- WHAT YOU ARE ASKED TO DO
A verbatim transcript of the data that follows, free of images, is the expected result.

════════

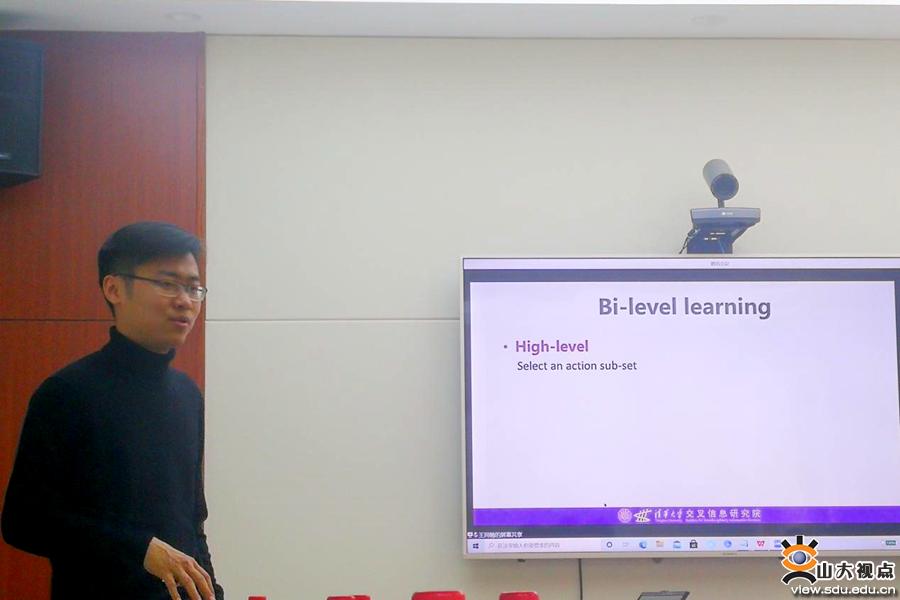 王同翰首先对监督学习、非监督学习、半监督学习和强化学习这几种主要的机器学习进行了阐述,然后通过介绍围棋人工智能AlphaGo和掌握复杂即时策略游戏StarCraft的智能体AlphaStar引入强化学习的概念,并简要阐述了强化学习的定义。随后,王同翰对于机械臂的学习过程这一实例进行了详细阐述,同时介绍了强化学习的范式,并进一步阐述了目前强化学习的几大研究热点,包括MARL(Multi-Agent Reinforcement Learning)及其研究现状,并由CTDE(Centralized training with decentralized execution)方法的缺点引出Role-Based的研究方法,进而介绍了该种研究方法取得的领先成果。最后,王同翰回答同学们提出的问题,并分享了自己的科研经验。
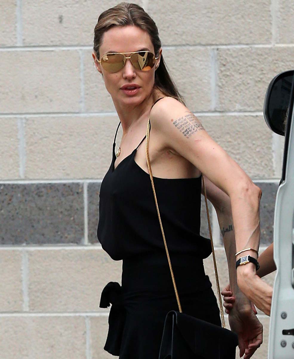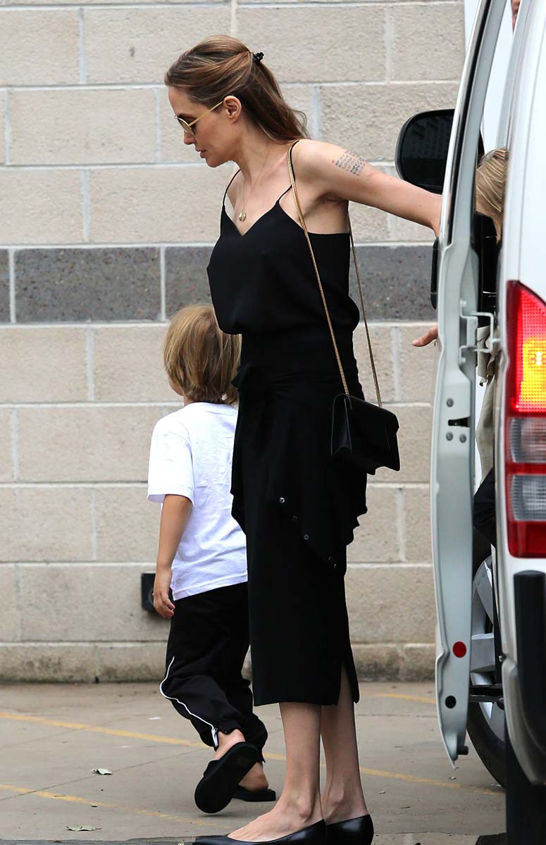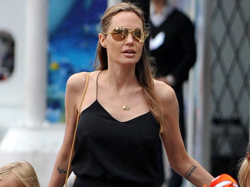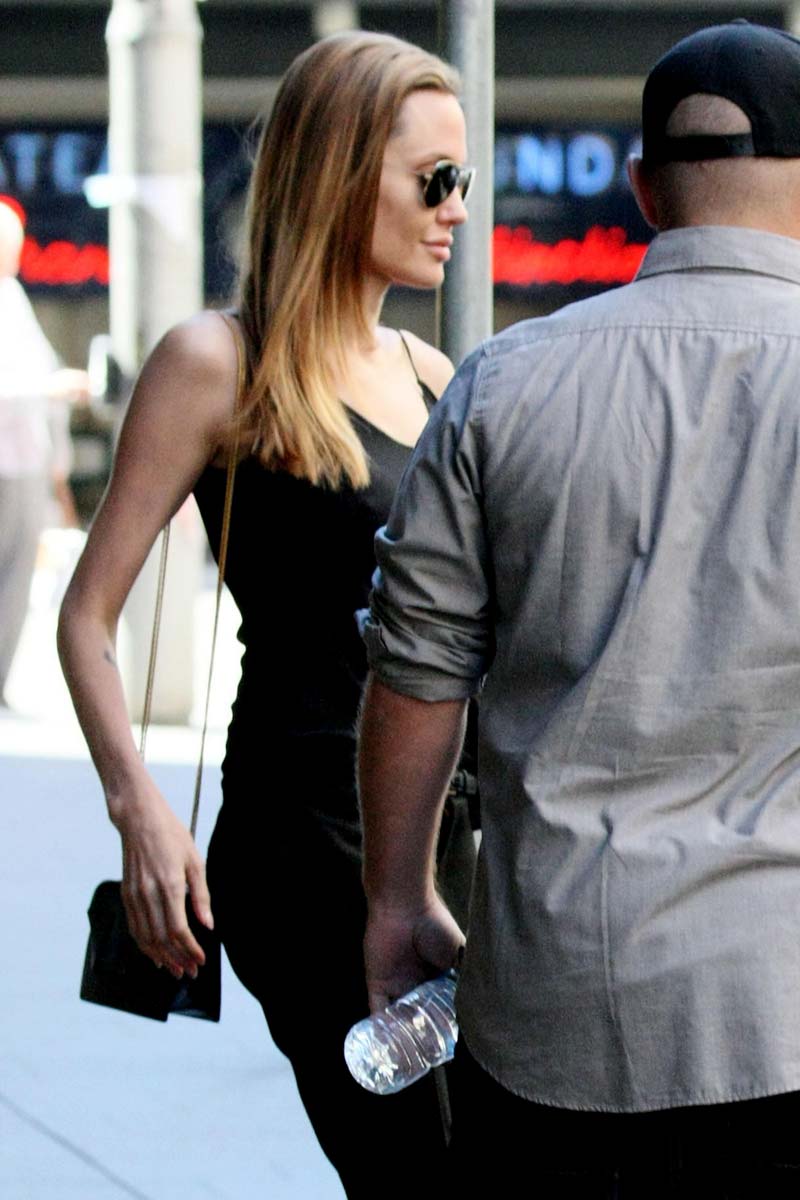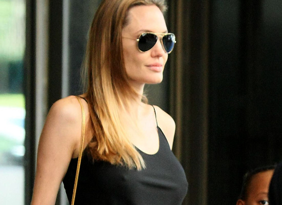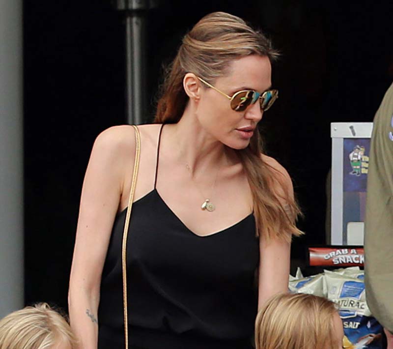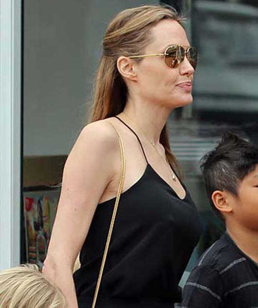 Angelina Jolie was looking dangerously pokey as she left luxury department store David Jones with her kids. Angelina recently underwent a preventive double mastectomy after learning she had an 87% risk of developing breast cancer. She appears to have fully recovered and healthy. Now she get new boobs, and it seems to me that they look bigger! In any case, she looks fine as wine, so sexy!
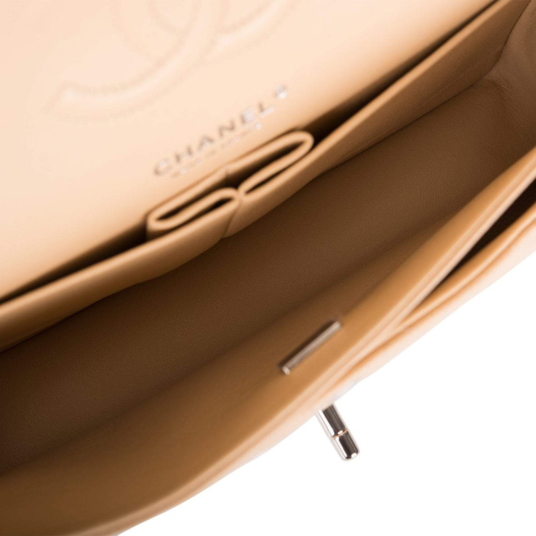 This Medium Classic Double Flap bag is in beige caviar leather with silver tone hardware and features a front flap with signature CC turnlock closure, half moon back pocket, and adjustable interwoven silver tone chain link and beige leather shoulder strap.
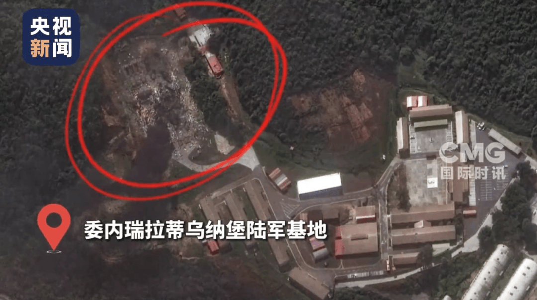 ▲委内瑞拉蒂乌纳堡陆军基地受损卫星图 央视新闻截图
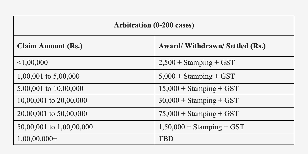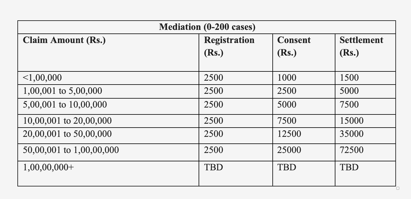 For disputes without a defined claim amount, fees range from Rs 10,000/- to Rs 1,00,000/- per session (up to 3 hours), based on the subject matter of the dispute, mediator’s profile and complexity of the matter.
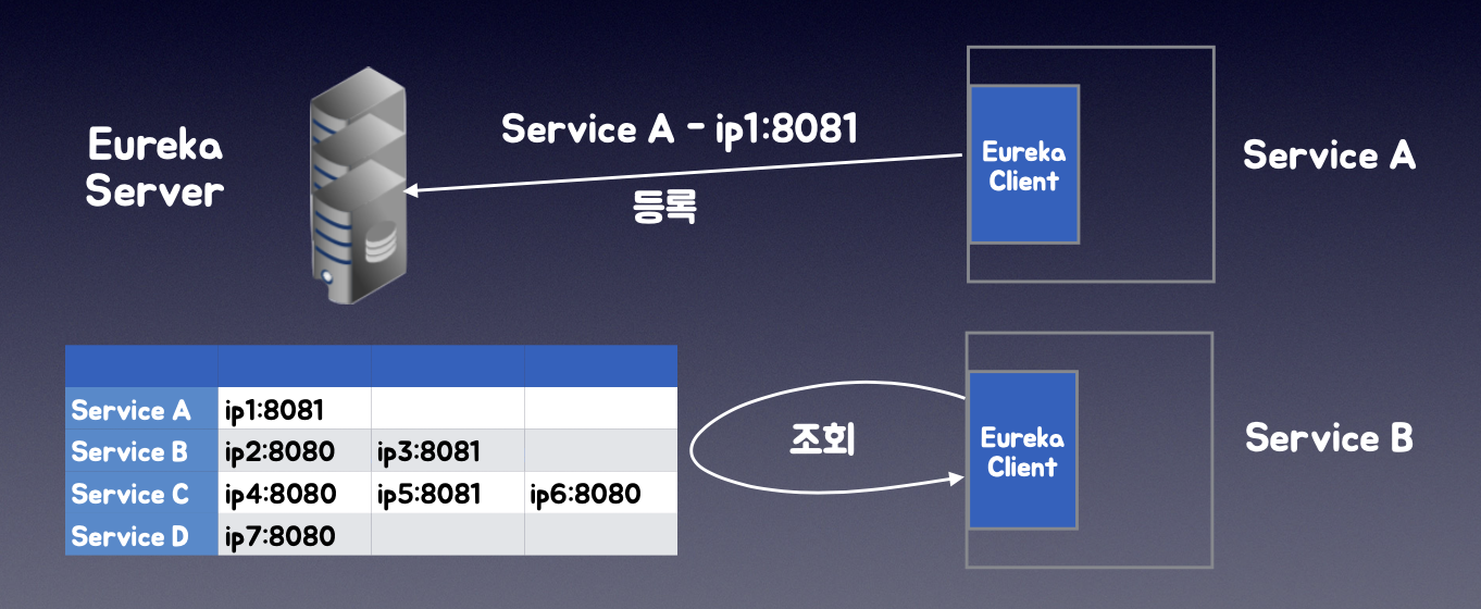 - 등록: 서버가 자신의 서비스 이름(종류)와 IP주소 포트를 등록
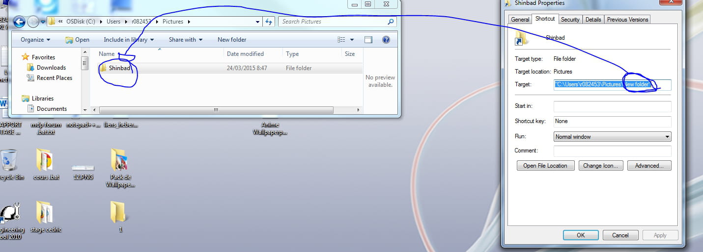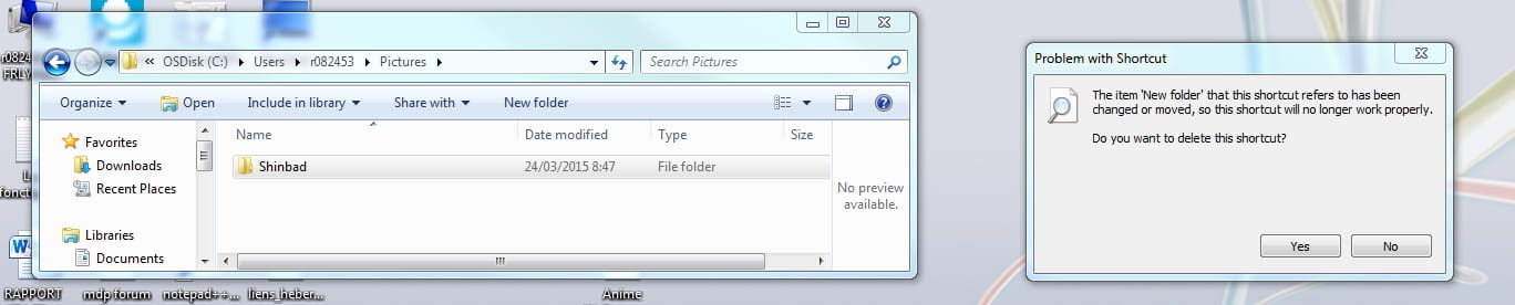 pour accéder o chemin d accer de ton raccourcis clic droit proprieter (sur l image on voite que le chemin d accer n est pas le même que le ou le dossier est le dossier ne s appelle plus new floder mais shinbad il ne trouve donc plus le chemin d accer )Pour régler ton problème il te suffit donc de les réassigné avec un bon chemin d accé !
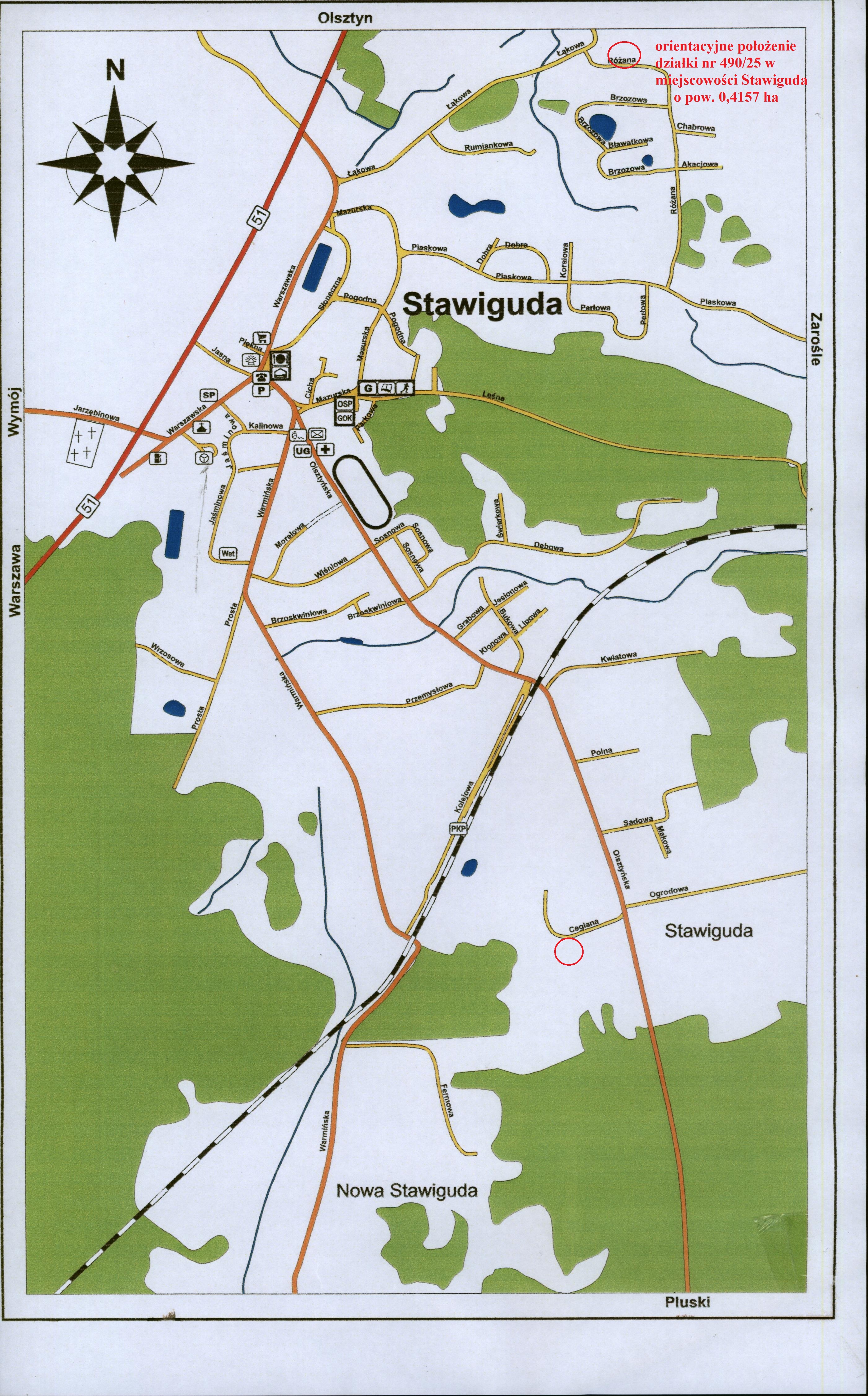 Na sprzedaż niezabudowanej nieruchomości gruntowej, pod zabudowę usługową z dopuszczeniem funkcji mieszkaniowej jako uzupełniającej, położonej w miejscowości Stawiguda, przy ulicy Ceglanej, w powiecie olsztyńskim, województwo warmińsko–mazurskie, oznaczonej w rejestrze gruntów jako:
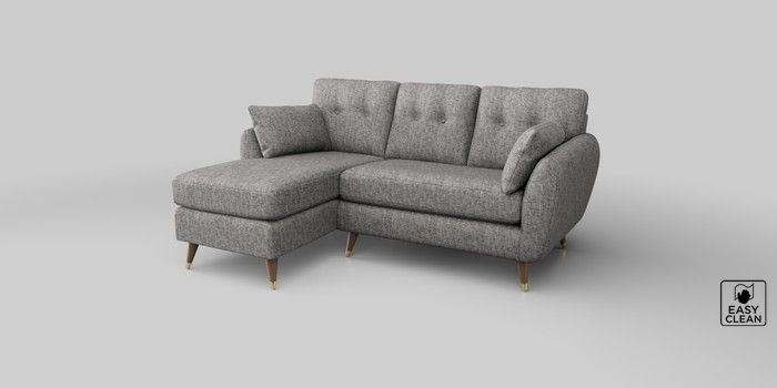 6.12.1 Buy Wilson Buttoned Back Small Sofa Chaise - Left Hand Chunky Boucle Easy Clean Light Grey Low Retro Tapered Metal Cap - Mid from the Next UK online shop Click here to use our accessible website

════════

- OUTPUT FOR THIS TASK
 王同翰首先对监督学习、非监督学习、半监督学习和强化学习这几种主要的机器学习进行了阐述,然后通过介绍围棋人工智能AlphaGo和掌握复杂即时策略游戏StarCraft的智能体AlphaStar引入强化学习的概念,并简要阐述了强化学习的定义。随后,王同翰对于机械臂的学习过程这一实例进行了详细阐述,同时介绍了强化学习的范式,并进一步阐述了目前强化学习的几大研究热点,包括MARL(Multi-Agent Reinforcement Learning)及其研究现状,并由CTDE(Centralized training with decentralized execution)方法的缺点引出Role-Based的研究方法,进而介绍了该种研究方法取得的领先成果。最后,王同翰回答同学们提出的问题,并分享了自己的科研经验。
 Angelina Jolie was looking dangerously pokey as she left luxury department store David Jones with her kids. Angelina recently underwent a preventive double mastectomy after learning she had an 87% risk of developing breast cancer. She appears to have fully recovered and healthy. Now she get new boobs, and it seems to me that they look bigger! In any case, she looks fine as wine, so sexy!
 This Medium Classic Double Flap bag is in beige caviar leather with silver tone hardware and features a front flap with signature CC turnlock closure, half moon back pocket, and adjustable interwoven silver tone chain link and beige leather shoulder strap.
 ▲委内瑞拉蒂乌纳堡陆军基地受损卫星图 央视新闻截图
 For disputes without a defined claim amount, fees range from Rs 10,000/- to Rs 1,00,000/- per session (up to 3 hours), based on the subject matter of the dispute, mediator’s profile and complexity of the matter.
 - 등록: 서버가 자신의 서비스 이름(종류)와 IP주소 포트를 등록
 pour accéder o chemin d accer de ton raccourcis clic droit proprieter (sur l image on voite que le chemin d accer n est pas le même que le ou le dossier est le dossier ne s appelle plus new floder mais shinbad il ne trouve donc plus le chemin d accer )Pour régler ton problème il te suffit donc de les réassigné avec un bon chemin d accé !
 Na sprzedaż niezabudowanej nieruchomości gruntowej, pod zabudowę usługową z dopuszczeniem funkcji mieszkaniowej jako uzupełniającej, położonej w miejscowości Stawiguda, przy ulicy Ceglanej, w powiecie olsztyńskim, województwo warmińsko–mazurskie, oznaczonej w rejestrze gruntów jako:
 6.12.1 Buy Wilson Buttoned Back Small Sofa Chaise - Left Hand Chunky Boucle Easy Clean Light Grey Low Retro Tapered Metal Cap - Mid from the Next UK online shop Click here to use our accessible website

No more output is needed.